• What to do: Keep the pictures out. Write out every line of the listing exactly.

---------- Collected material

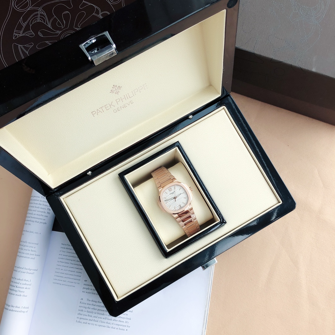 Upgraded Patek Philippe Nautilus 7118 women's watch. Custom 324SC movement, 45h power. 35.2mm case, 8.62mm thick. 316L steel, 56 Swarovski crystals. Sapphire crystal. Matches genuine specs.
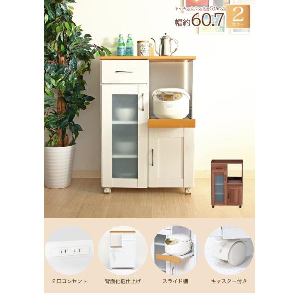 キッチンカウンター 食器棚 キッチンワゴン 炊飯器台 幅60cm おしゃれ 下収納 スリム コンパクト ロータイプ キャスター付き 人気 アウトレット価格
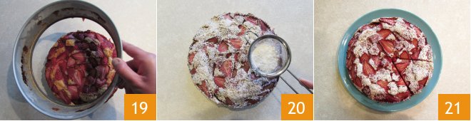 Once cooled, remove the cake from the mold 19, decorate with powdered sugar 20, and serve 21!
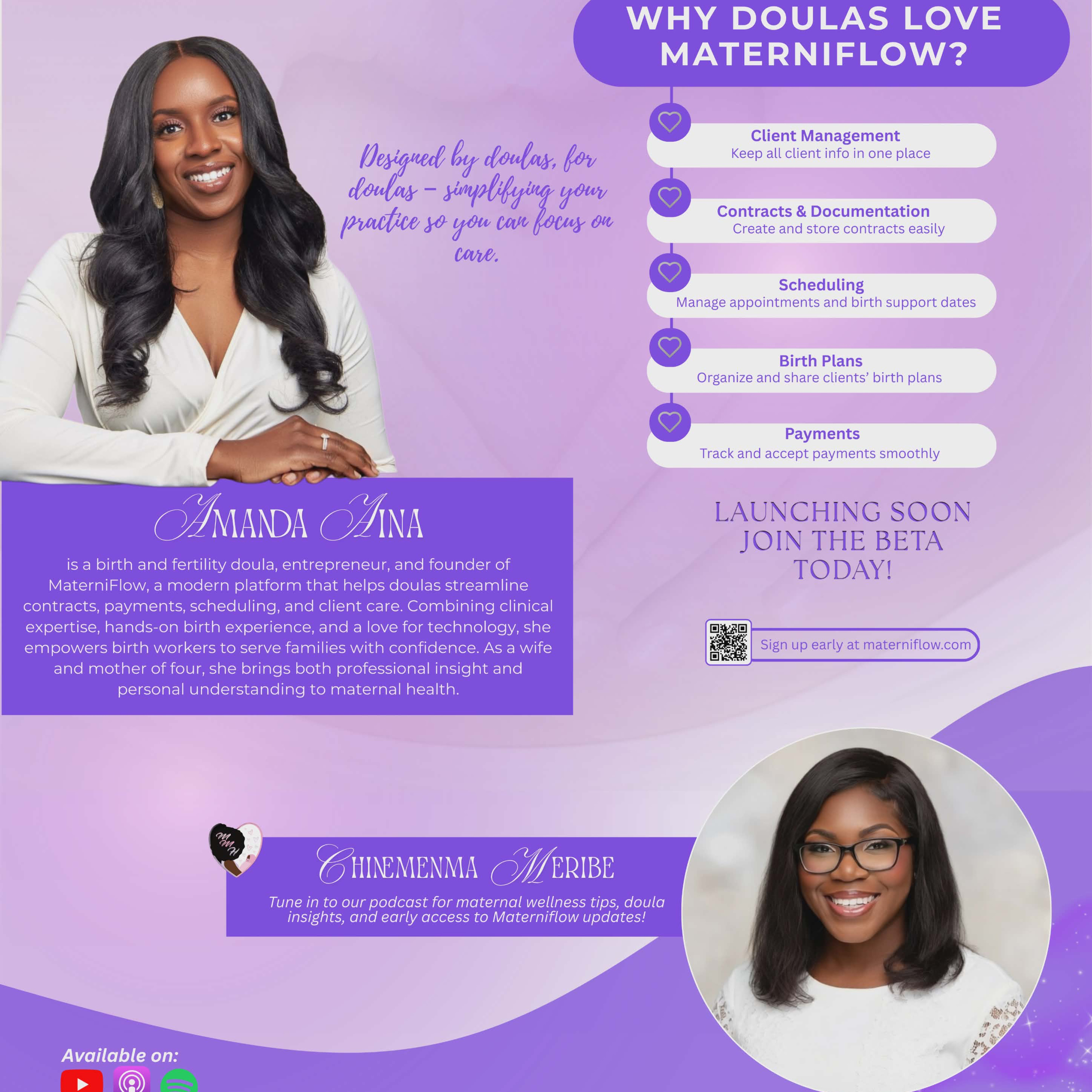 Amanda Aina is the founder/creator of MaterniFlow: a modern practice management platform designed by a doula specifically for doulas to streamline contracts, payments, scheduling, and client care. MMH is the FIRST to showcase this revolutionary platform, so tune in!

--------------------

• Exercise result:
 Upgraded Patek Philippe Nautilus 7118 women's watch. Custom 324SC movement, 45h power. 35.2mm case, 8.62mm thick. 316L steel, 56 Swarovski crystals. Sapphire crystal. Matches genuine specs.
 キッチンカウンター 食器棚 キッチンワゴン 炊飯器台 幅60cm おしゃれ 下収納 スリム コンパクト ロータイプ キャスター付き 人気 アウトレット価格
 Once cooled, remove the cake from the mold 19, decorate with powdered sugar 20, and serve 21!
 Amanda Aina is the founder/creator of MaterniFlow: a modern practice management platform designed by a doula specifically for doulas to streamline contracts, payments, scheduling, and client care. MMH is the FIRST to showcase this revolutionary platform, so tune in!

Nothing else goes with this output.